The type of predefined worker that is allocated when a job runs. Accepts a value of G.1X, G.2X, G.4X, or G.8X for Spark jobs. Accepts the value Z.2X for Ray notebooks.

  • For the G.1X worker type, each worker maps to 1 DPU (4 vCPUs, 16 GB of memory) with 84GB disk (approximately 34GB free), and provides 1 executor per worker. We recommend this worker type for workloads such as data transforms, joins, and queries, to offers a scalable and cost effective way to run most jobs.

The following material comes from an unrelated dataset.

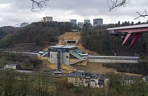 - ^ Holzer, Thomas (2 July 2015). "63 secondes pour aller du Pfaffenthal au Kirchberg" [Pfaffenthal to Kirchberg in 63 seconds]. L'essentiel. Retrieved 2 February 2019.
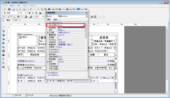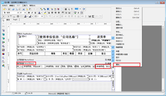 在單據開單界面選擇打印—》打印格式設計—》設計格式,進入打印模板的設計器界面,選中備注項細項數據對應的文本框,右鍵點擊屬性,如下圖所示:

  • For the G.2X worker type, each worker maps to 2 DPU (8 vCPUs, 32 GB of memory) with 128GB disk (approximately 77GB free), and provides 1 executor per worker. We recommend this worker type for workloads such as data transforms, joins, and queries, to offers a scalable and cost effective way to run most jobs.

  • For the G.4X worker type, each worker maps to 4 DPU (16 vCPUs, 64 GB of memory) with 256GB disk (approximately 235GB free), and provides 1 executor per worker. We recommend this worker type for jobs whose workloads contain your most demanding transforms, aggregations, joins, and queries. This worker type is available only for Glue version 3.0 or later Spark ETL jobs in the following Amazon Web Services Regions: US East (Ohio), US East (N. Virginia), US West (Oregon), Asia Pacific (Singapore), Asia Pacific (Sydney), Asia Pacific (Tokyo), Canada (Central), Europe (Frankfurt), Europe (Ireland), and Europe (Stockholm).

  • For the G.8X worker type, each worker maps to 8 DPU (32 vCPUs, 128 GB of memory) with 512GB disk (approximately 487GB free), and provides 1 executor per worker. We recommend this worker type for jobs whose workloads contain your most demanding transforms, aggregations, joins, and queries. This worker type is available only for Glue version 3.0 or later Spark ETL jobs, in the same Amazon Web Services Regions as supported for the G.4X worker type.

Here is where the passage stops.